Я крепко выразился насчет полководческого гения товарища Сталина. На десятку, не меньше. И опять мне показалось, что я сплю и сейчас проснусь и вокруг будет нормальный мир. Ведь этот идеалист, друг Аристотеля и Платона, имеет в виду донос.
Анна Михайловна не отозвалась, возможно, она обдумывала предложение.
— Поеду в Москву, — сказал я Даше.
— Сейчас нет поездов, — неуверенно произнесла она.
— Подожду на станции.
Мой чемоданчик стоял на террасе. Даша не двинулась, пока я его собирал, и я не подошел к ней.
Тропинка, ведущая на станцию, начиналась сразу за калиткой. Она шла сквозь заросли высоких репейников, потом лугом. Ночь уже не казалась такой темной, было звездно, то и дело вспыхивали зарницы, над Москвой простиралось розовое облако. Казалось, город горит.
Я сидел на пустынном полустанке. Световое пятно над Москвой пульсировало от разрывов бомб. Там находились последние, кого я любил. Отца, да простит мне Бог, я уже не числил в живых и знал вопреки всем самоуговорам, что Павлик не вернется. Вскоре уйдет на фронт Оська.

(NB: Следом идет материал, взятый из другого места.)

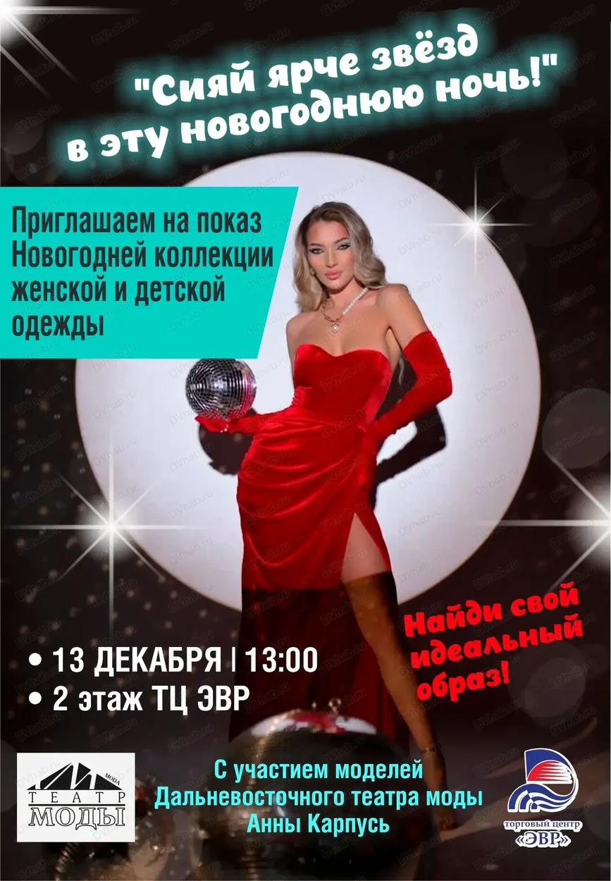 13 декабря в 13:00 в ТЦ "ЭВР" пройдет показ новогодней коллекции женской и детской одежды.

Дашу я потерял. Она слова не сказала в мою защиту. Грязь злой вульгарности и предательства запятнала мою любимую. И тут меня как обухом по голове: я забыл про школу лейтенантов, мне и самому осталось недолго гулять.
Незаметно рассвело, и так же незаметно пришло утро с далекими петухами, мычанием коров, блеянием овец, щелком пастушьего кнута, скрипом колодезного ворота; небо в стороне Москвы было облачным, но спокойным. Пахнуло теплым ветром, его гнала перед собой электричка.

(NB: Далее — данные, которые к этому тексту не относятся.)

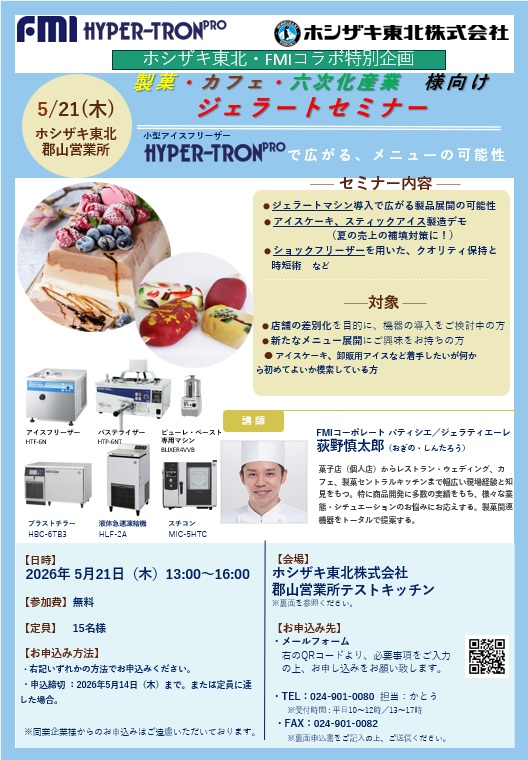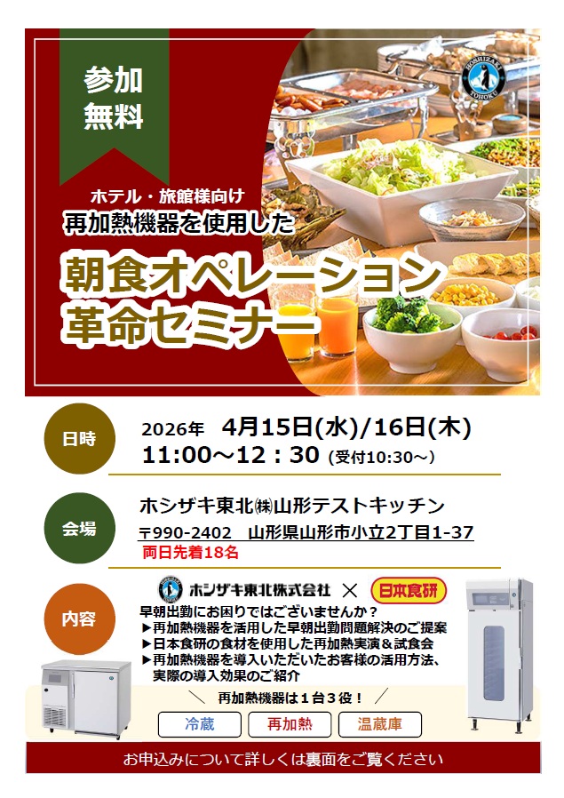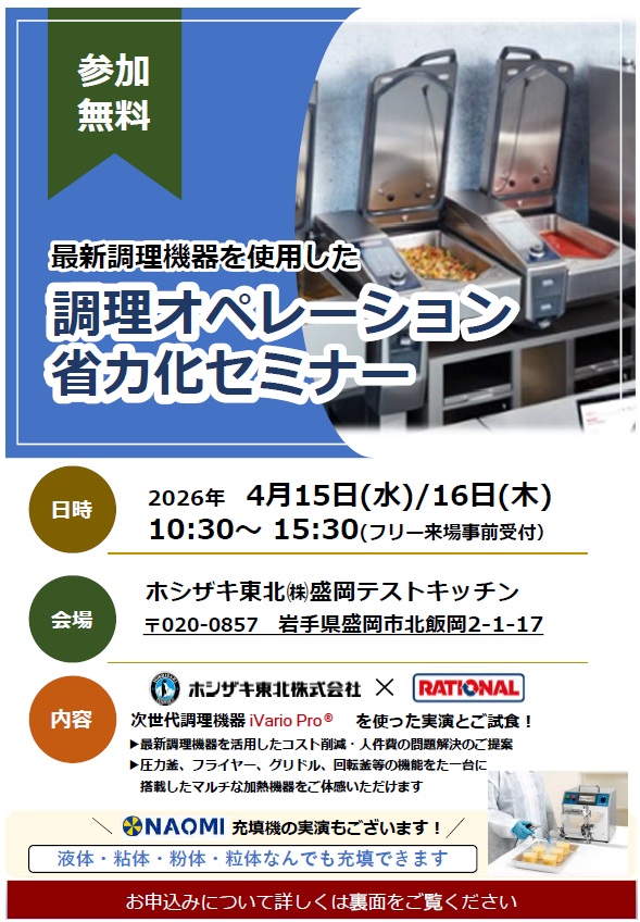 これまでに、和食料理人とコラボした「スチームコンベクションオーブン」による出汁づくりや、バリスタを招いたカフェスタイルで行った「ホシザキドウコンディショナー」を使ったパンづくりなど、発見性が高く、楽しめるイベントを多数企画。機器を最大限使いこなす秘訣を楽しくご紹介しています。
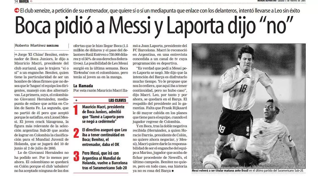 En una de sus últimas publicaciones, el diario Mundo Deportivo compartió una particular historia que cuenta el día en el que Lionel Messi fue sondeado por Boca Juniors y recibió un “no” rotundo como respuesta.
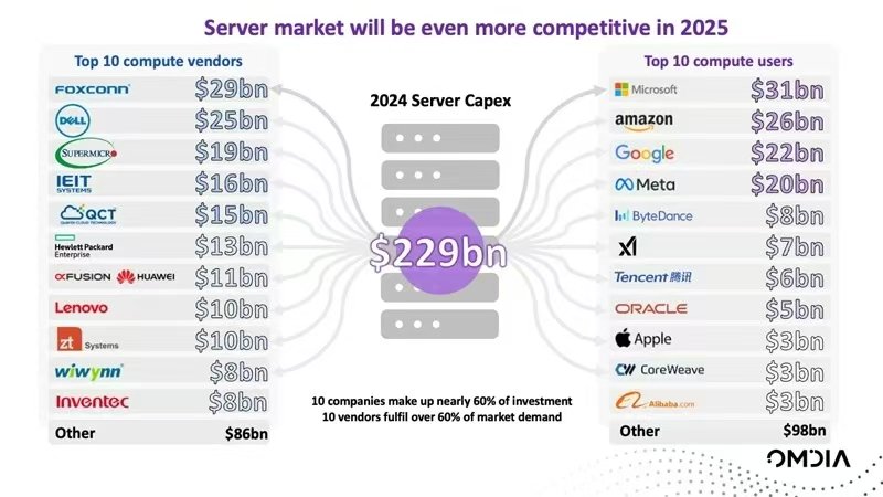 從資金走向看,Omdia表示,2024年服務(wù)器投資出現(xiàn)了高度集中化的情況。服務(wù)器客戶用于服務(wù)器的資本開(kāi)支2290億美元,支出最多的是云廠商微軟、亞馬遜、谷歌和Meta,服務(wù)器廠商中,富士康、戴爾和超微電腦銷售額則排名前三,其中富士康銷售額290億美元,超過(guò)戴爾的250億美元。

В Москве я сошел не то в Тушине, не то на следующей станции. Железная дорога шла через город к Рижскому вокзалу, эта сторона Москвы была мне не с руки. Проще добраться автобусом до Сокола, а оттуда на метро. Эта окраина Москвы была в ту пору совсем сельской: за штакетником, соснами и пыльными сиренями проглядывали эркеры и шпили ропетовских дачек. На фонарном столбе торчали радиорупоры. Металлический голос диктора преподносил очередную ложь: крепко потрепав гитлеровцев, мы отошли на новые, заранее подготовленные позиции. Похоже, эти позиции были подготовлены неподалеку от Смоленска. По-прежнему немецкие солдаты и младший командный состав не читали ни Шиллера, ни Гёте, не слушали «Пассакальи» Баха. А у нас были большие успехи в производственной жизни и на колхозных полях.

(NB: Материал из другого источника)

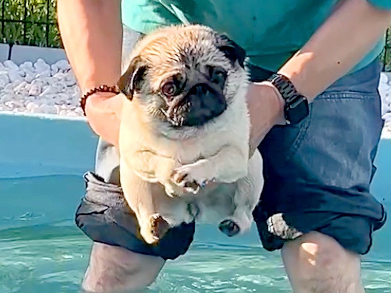 この日、パグの「ぽんず」ちゃんはお友達に誘われて、ドッグランのプールに遊びに来ました。
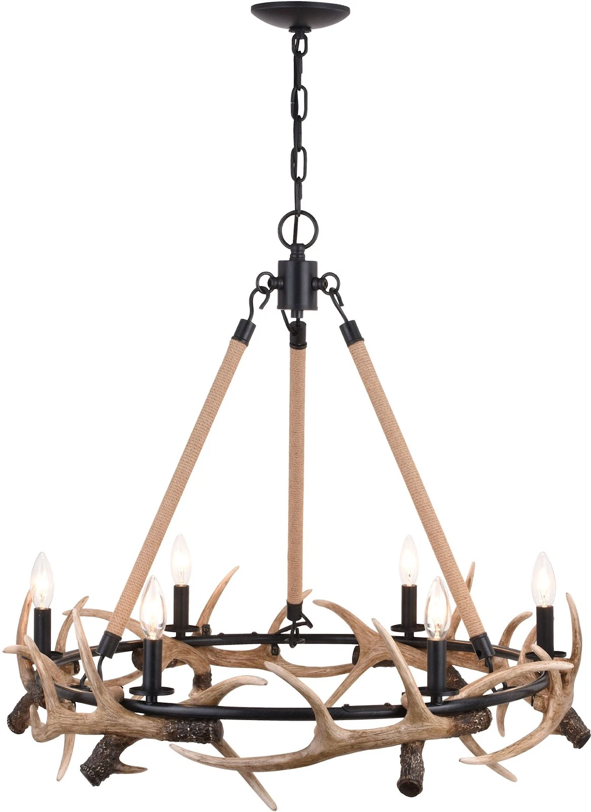 Vaxcel Lighting H0261 Breckenridge 6 Light 31"W Antler Ring - Grey
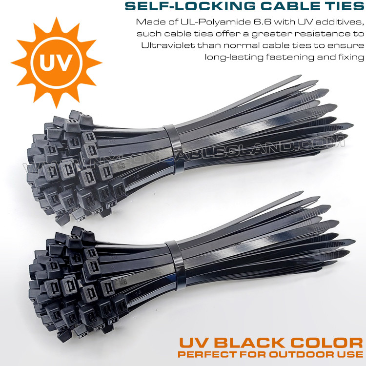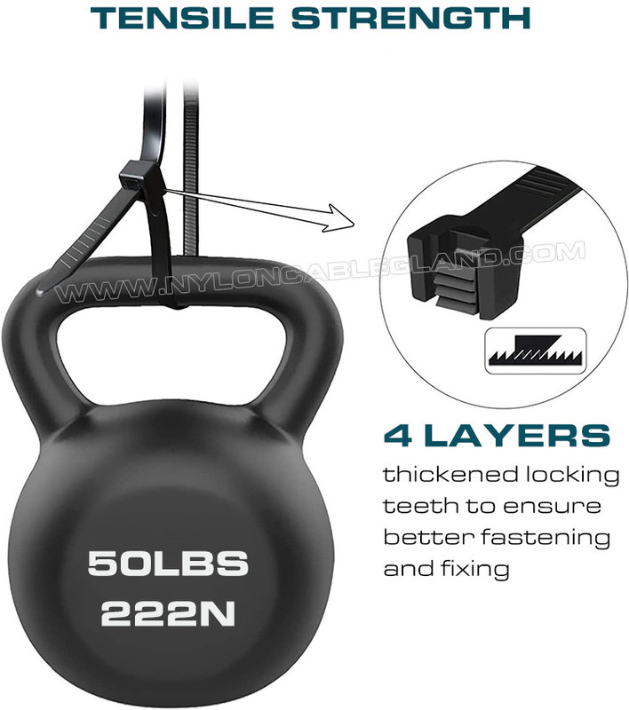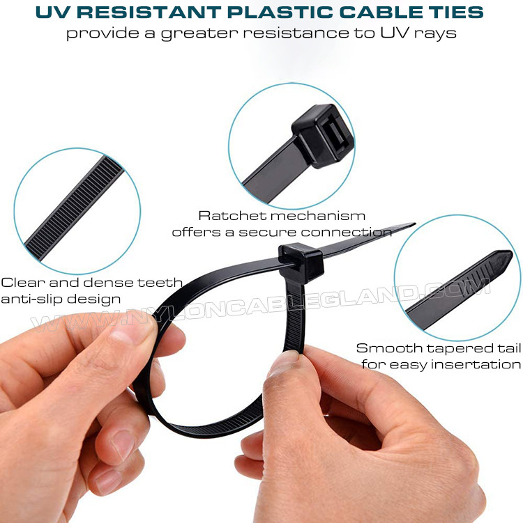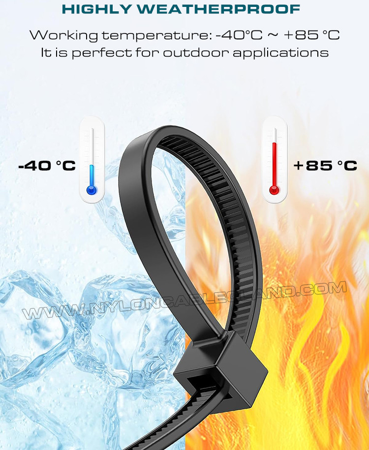 (২) উন্নত UV সুরক্ষা: UV সংযোজন সহ প্রিমিয়াম ব্ল্যাক পলিঅ্যামাইড 6.6 (UL 94V-2) দিয়ে তৈরি, এগুলি আবহাওয়া প্রতিরোধী, অন্তরক এবং বার্ধক্যের জন্য উপযুক্ত নয়, এবং -40℃ থেকে 85℃ (40°F - 185°F) পরিবেশে ব্যবহার করা যেতে পারে।
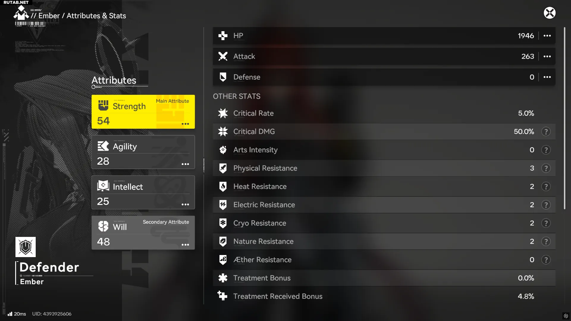 Помимо перечисленных эффектов, каждый Оператор также получает увеличение атаки на основе своего основного и второстепенного атрибута. В меню персонажа основной атрибут выделен желтым фоном, а второстепенный — серым. Чем выше эти значения, тем больше бонус к ATK получит герой.
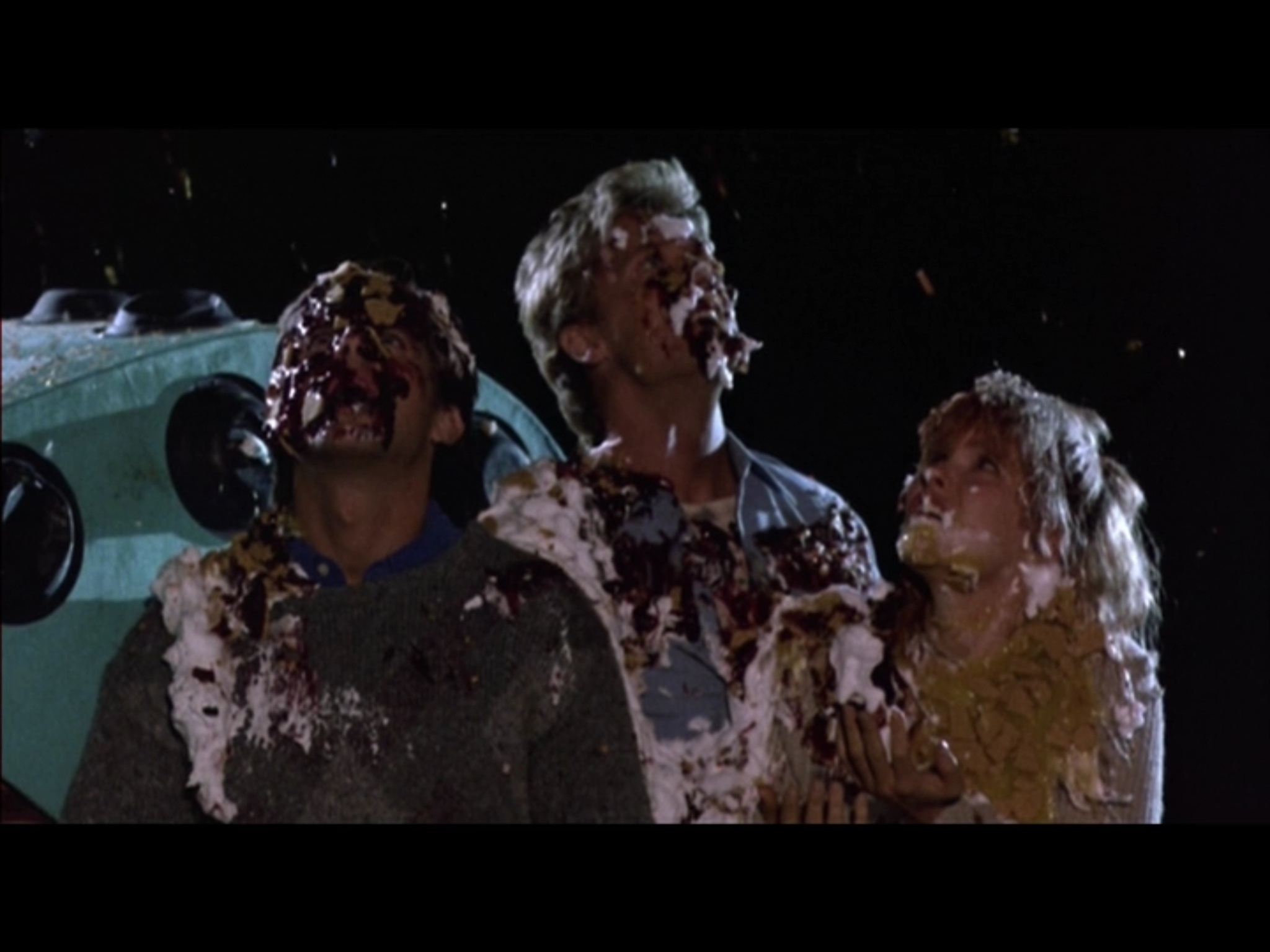 Our heroes look to the sky and wonder if it’s over, and pies rain down on their faces. Unfortunately, they don’t dissolve into goop.

На один из рупоров села ворона. Она вертела головой, будто удивляясь льющейся в мир из-под нее глупости. И непонятно с чего на какое-то мгновение к сердцу прихлынуло чувство счастья. Оно никак не было связано с окружающим, для него не было пищи в настоящем: меня вышвырнули из дома любимой, впереди светили школа лейтенантов, фронт и неумолимая статистика. Счастье не возникло из воспоминаний, это было таинственное прозрение судьбы, той долгой жизни, что меня ждала. И пусть сейчас, на исходе дней, эта жизнь не кажется мне счастливой, в ней было много радости.